Using the records below, give again exactly the lines from the line that contains "정상적으로 주문서 업로드가 되었다면, 딜 매칭 작업이 필요합니다." through the line that contains "Bước 1: Mở trình", both ends included, and only those.

### RECORDS FOR THIS TASK:
• • •

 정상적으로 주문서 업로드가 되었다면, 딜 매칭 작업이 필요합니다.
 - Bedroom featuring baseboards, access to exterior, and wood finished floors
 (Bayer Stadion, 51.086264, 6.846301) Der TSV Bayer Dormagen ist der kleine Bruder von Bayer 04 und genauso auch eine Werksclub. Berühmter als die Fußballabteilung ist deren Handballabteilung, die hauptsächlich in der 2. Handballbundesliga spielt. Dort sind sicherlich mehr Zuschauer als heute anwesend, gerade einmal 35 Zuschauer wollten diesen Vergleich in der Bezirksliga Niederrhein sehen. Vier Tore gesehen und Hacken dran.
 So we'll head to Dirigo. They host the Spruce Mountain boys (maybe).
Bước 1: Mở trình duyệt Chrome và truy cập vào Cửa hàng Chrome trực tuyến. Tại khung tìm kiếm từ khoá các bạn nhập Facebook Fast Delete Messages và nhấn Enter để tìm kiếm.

• • •

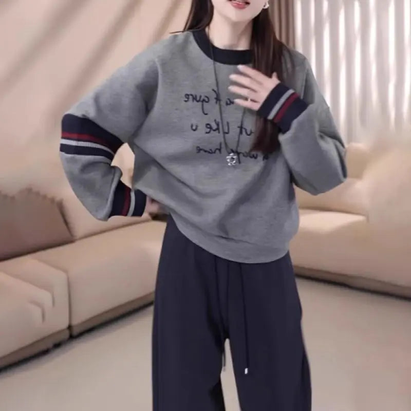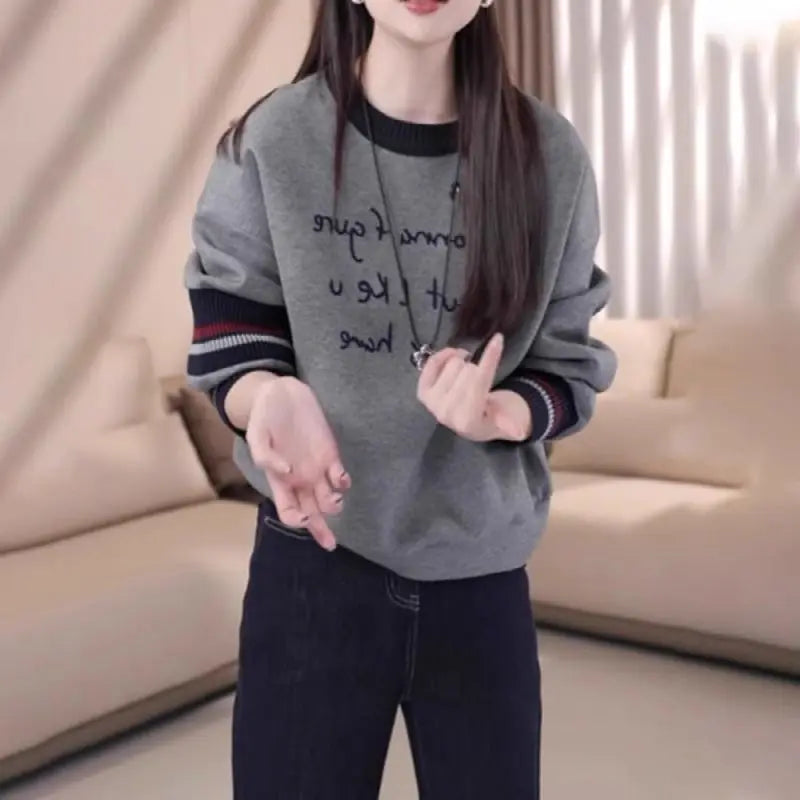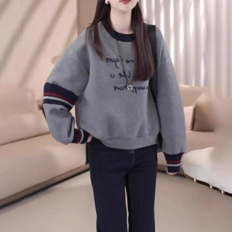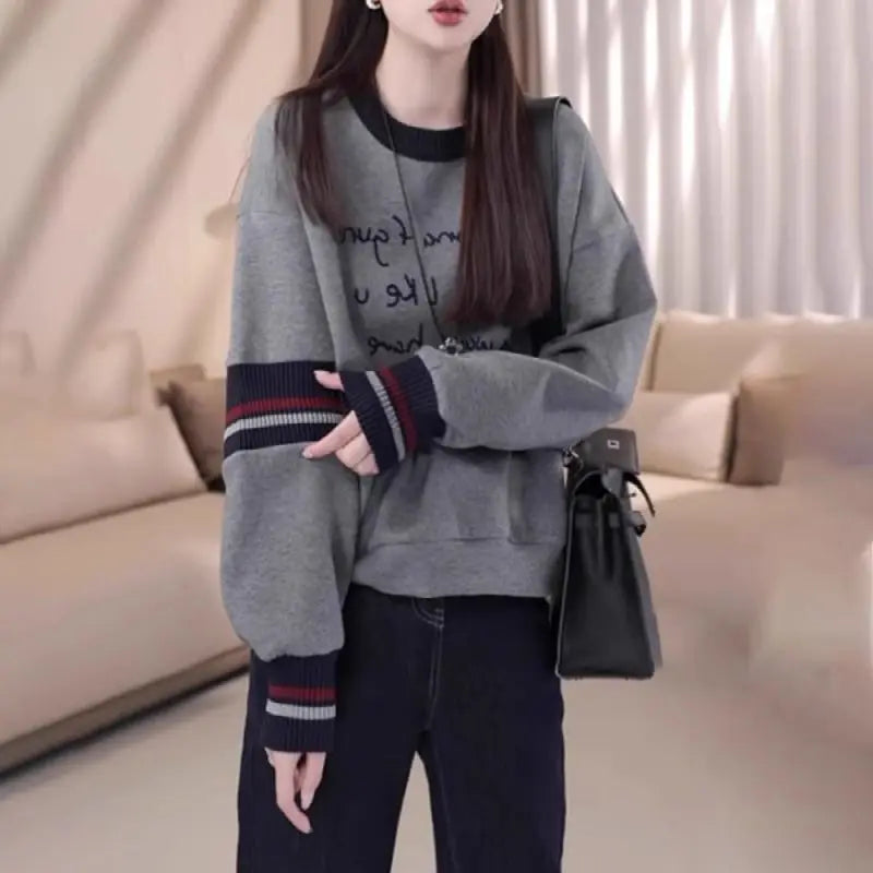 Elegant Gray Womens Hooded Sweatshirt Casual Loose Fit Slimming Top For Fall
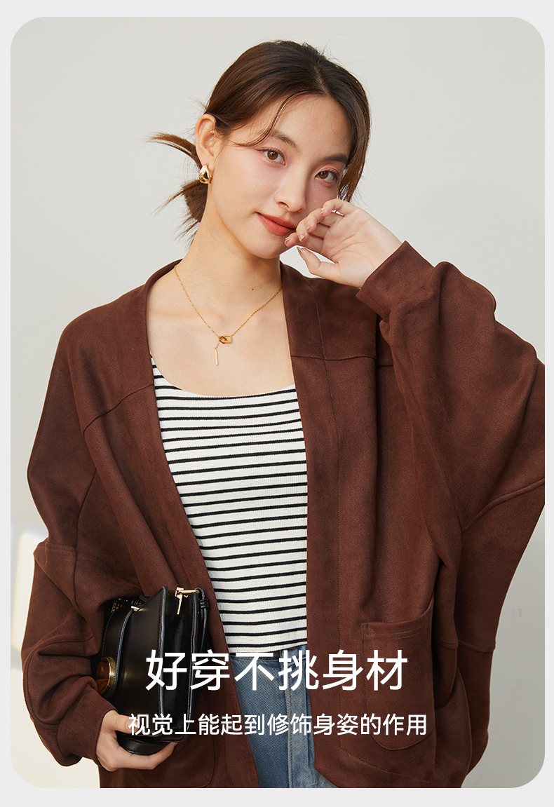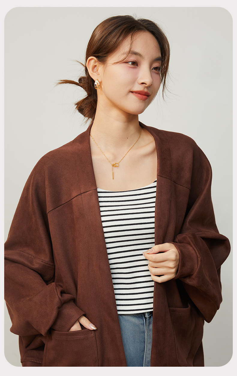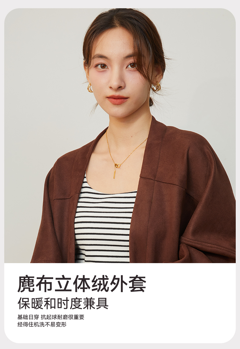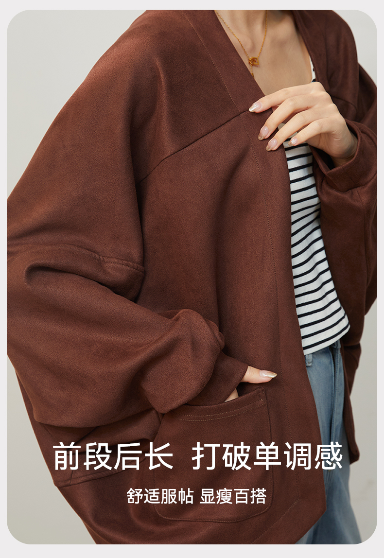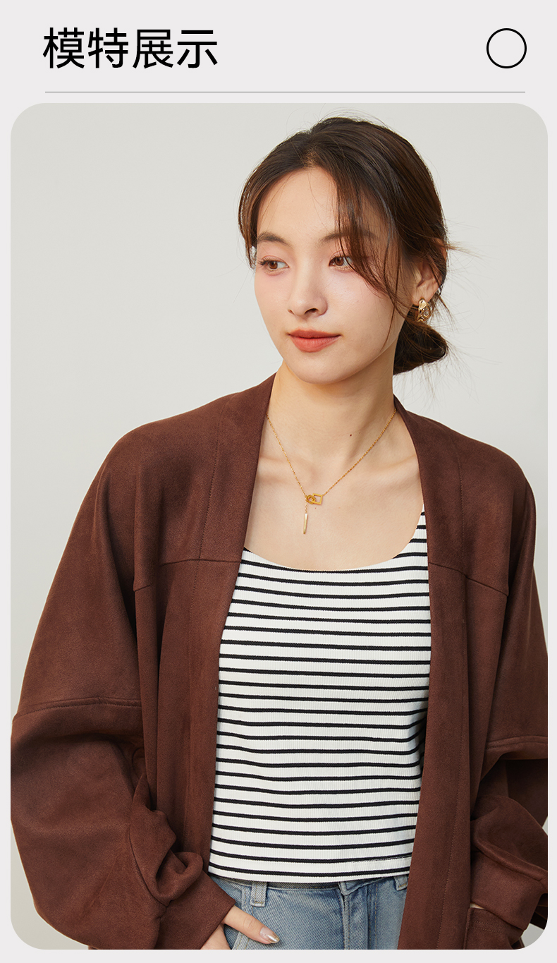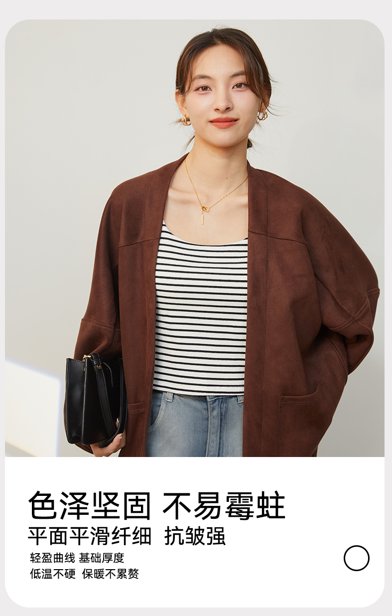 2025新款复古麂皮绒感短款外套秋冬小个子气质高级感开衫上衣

• • •

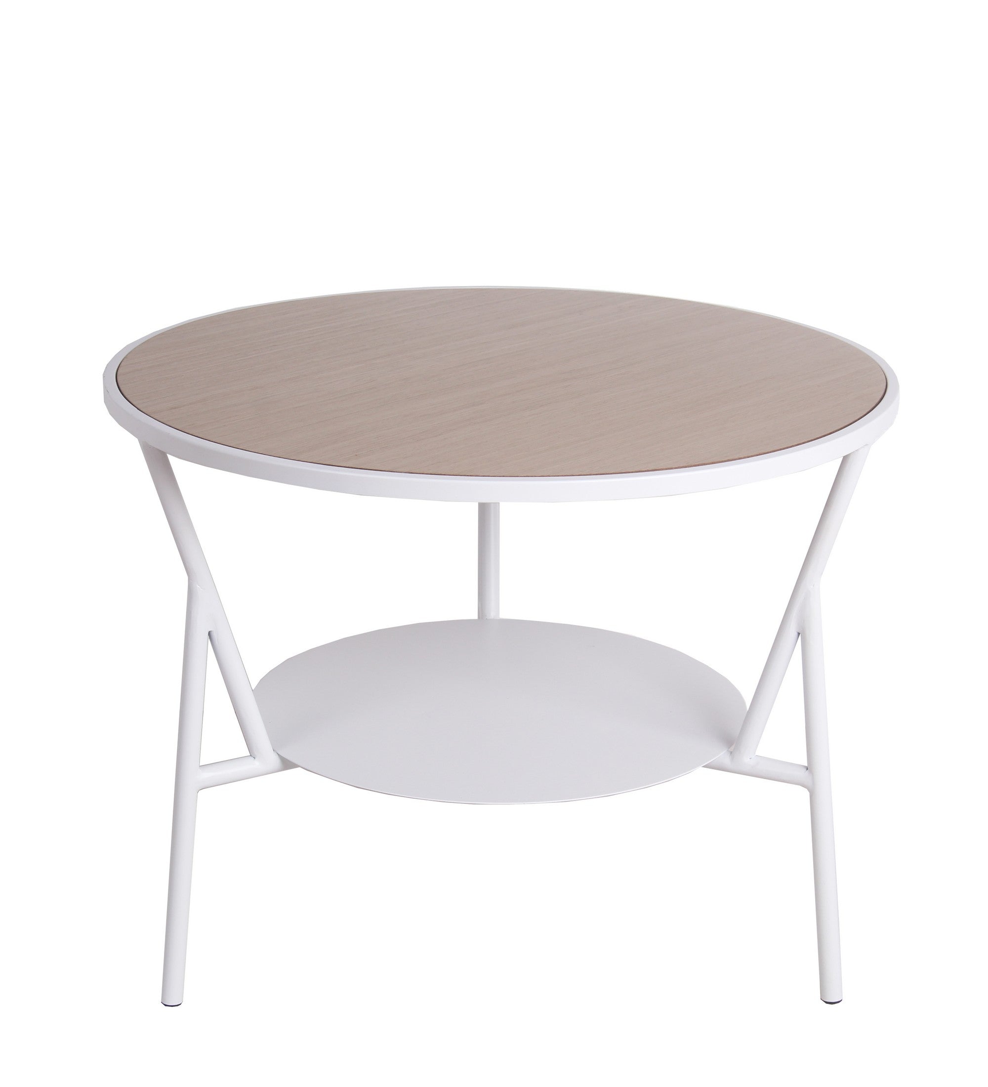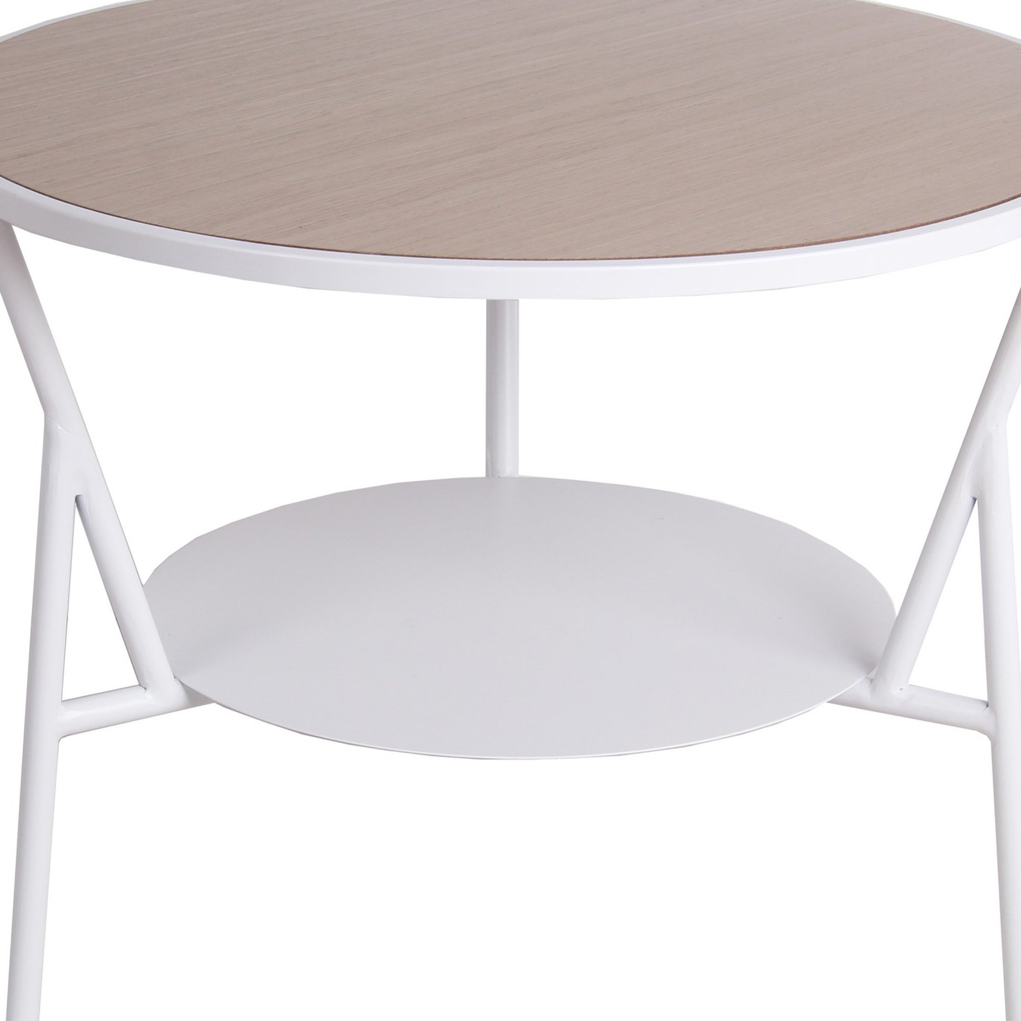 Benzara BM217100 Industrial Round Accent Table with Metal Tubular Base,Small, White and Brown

• • •

### RESPONSE:
 정상적으로 주문서 업로드가 되었다면, 딜 매칭 작업이 필요합니다.
 - Bedroom featuring baseboards, access to exterior, and wood finished floors
 (Bayer Stadion, 51.086264, 6.846301) Der TSV Bayer Dormagen ist der kleine Bruder von Bayer 04 und genauso auch eine Werksclub. Berühmter als die Fußballabteilung ist deren Handballabteilung, die hauptsächlich in der 2. Handballbundesliga spielt. Dort sind sicherlich mehr Zuschauer als heute anwesend, gerade einmal 35 Zuschauer wollten diesen Vergleich in der Bezirksliga Niederrhein sehen. Vier Tore gesehen und Hacken dran.
 So we'll head to Dirigo. They host the Spruce Mountain boys (maybe).
Bước 1: Mở trình duyệt Chrome và truy cập vào Cửa hàng Chrome trực tuyến. Tại khung tìm kiếm từ khoá các bạn nhập Facebook Fast Delete Messages và nhấn Enter để tìm kiếm.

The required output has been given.